Abstract: Distributed Machine Learning and Data Science has it’s unique challenges and approaches.

R has been a de facto language for statistics but with the rise of the big data, a lot of ML and statistical functions doesn't scale.

In this talk, we will introduce R4ML, a new open source scalable Machine Learning Framework build using Apache Spark and Apache SystemML, allowing R scripts to invoke custom algorithms developed in Apache SystemML. R4ML integrates seamlessly with SparkR, so data scientists can use best features of SparkR and SystemML together in the same scripts. In addition, the R4ML package provides a number of useful new R functions that simplify common data cleaning and statistical analysis tasks.
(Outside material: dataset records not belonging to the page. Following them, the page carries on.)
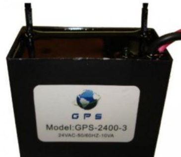
Global Plasma Solutions GPS-2400

Did you know GPS' independent testing shows Cold Plasma kills 99.6% of contaminants in less than 15 minutes in the space?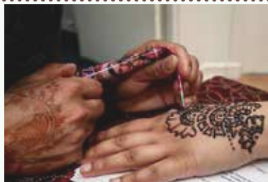
Learn the Art of Henna, DIWC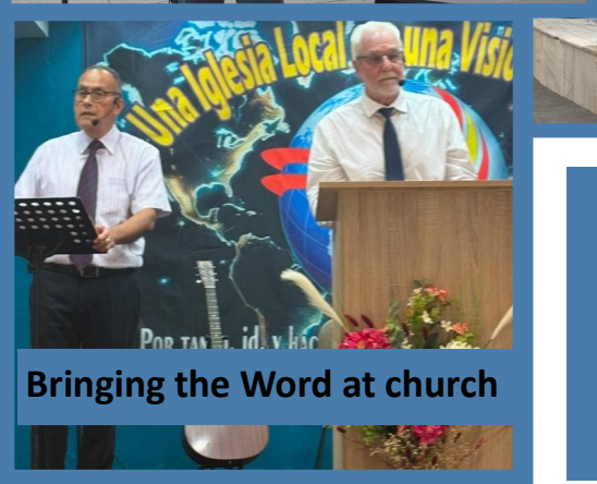
Bringing the Word at church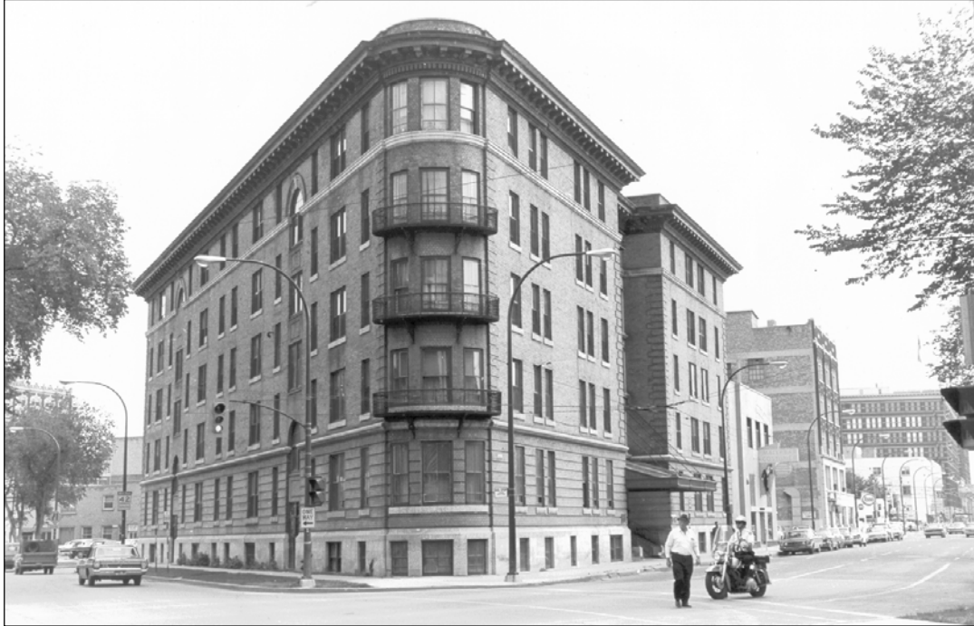
Plate 1 – 379 Hargrave Street, Ambassador Apartments, Hargrave Street and Cumberland Avenue façades, 1969.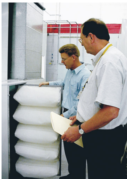
Air make-up bag filter

Depending on your paint booth setup, your first line of filtration defense may be air make-up filters.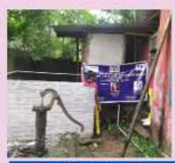
IWC DIBRUGARH Water filter being installed in adopted school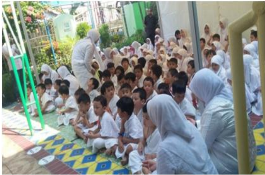
Figure-5. Students gather at arafah.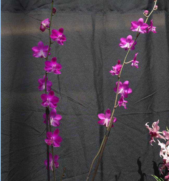
Phal Summer Wine x pulcherrima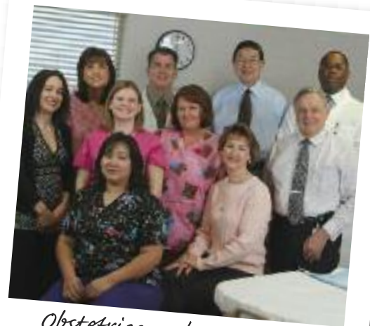
Obstetrics and Gynecology Department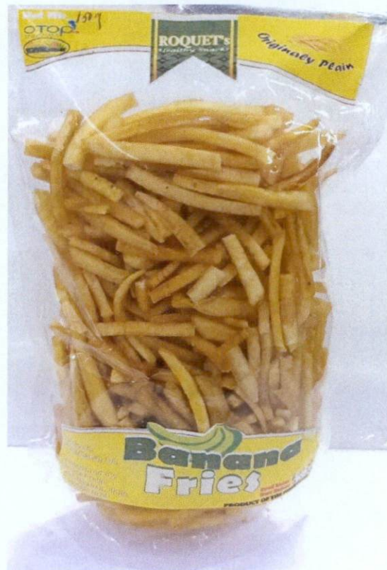
Figure 1. Unregistered ROQUET'S Banana Fries, 150g

The Food and Drug Administration (FDA) warns all healthcare professionals and the general public NOT TO PURCHASE AND CONSUME the following unregistered food products:

Our talk will begin with overview of R4ML R package, it’s API, supported canned algorithms, and integration to Spark and SystemML. In this tutorial style presentation, We will walk through
- a small example of creating a custom algorithm and
- A typical end to end Machine learning flow using the built-in scalable algorithms to get the deeper insights.
-- Exploratory and analytical analysis
-- typical pre processing and data cleaning
-- Dimension reduction
-- Classification using SVM
-- cross validation

The talk will conclude with pointers to how the audience can try out R4ML .

Bio: Alok Singh is a Principal Engineer at the IBM Spark Technology Center, where he leads the R4ML project. He has built and architected multiple analytical frameworks and implemented various machine learning algorithms. His interest is in creating Big Data and scalable machine learning software and algorithms. He has worked in the software industry for last 20 years in various roles.